BT will roll out between 50 and 80 wireless access points across high footfall areas and transport hubs in the city centre and East End. It aims to complete the project in time for the Commonwealth Games, which take place in Glasgow during July and August 2014.
“This is a historic day, a first for any Scottish city, and it is great to see Glasgow living up to its innovative tradition,” said Councillor Gordon Matheson, leader of Glasgow City Council.
“Glaswegians and our visitors will soon be able to access multimedia information on the city, its events, businesses and services on their devices.”
The roll-out is being paid for on a concession model, where the council rents its street furniture to a telecoms provider exclusively, enabling them to be the only provider of Wi-Fi in that area. This means the council doesn’t have to make any investment and the provider – in this case BT – is responsible for the upkeep of the network.
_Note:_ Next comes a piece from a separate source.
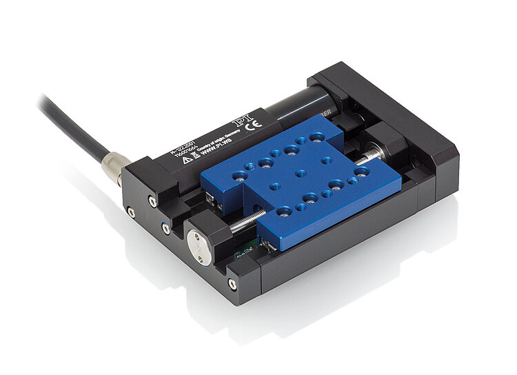 Microtranslation stage; DC motor; 25 mm travel range; 50 N load capacity; 20 mm/s maximum velocity; ball screw; incremental linear encoder, 100 nm sensor resolution, A/B quadrature, RS-422; 0.5 m cable length
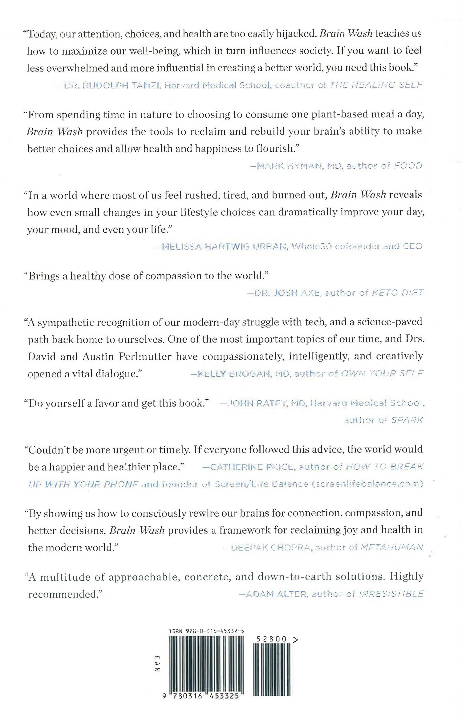 Based on the latest science, the book identifies the mental hijacking that undermines each and every one of us, and presents the tools necessary to think more clearly, make better decisions, strengthen bonds with others, and develop healthier habits. Featuring a 10-day bootcamp program, including a meal plan and 40 delicious original recipes, Brain Wash is the key to cultivating a more purposeful and fulfilling life.

The Wi-Fi won’t remain free forever, with Glasgow City Council only promising free 24-hour access to the network for the first six months. After this, users will be allowed free access for 30 minutes per day per handset. However, access to some key websites – such as the Glasgow City Council homepage – will remain free to access anytime.
Once this part of the network is complete, BT will embark on extending it to the rest of the city in early 2015.
Matheson added: “This network will play a key role in Glasgow's transition to becoming a digitally connected, smart city, with all the economic and social benefits that brings."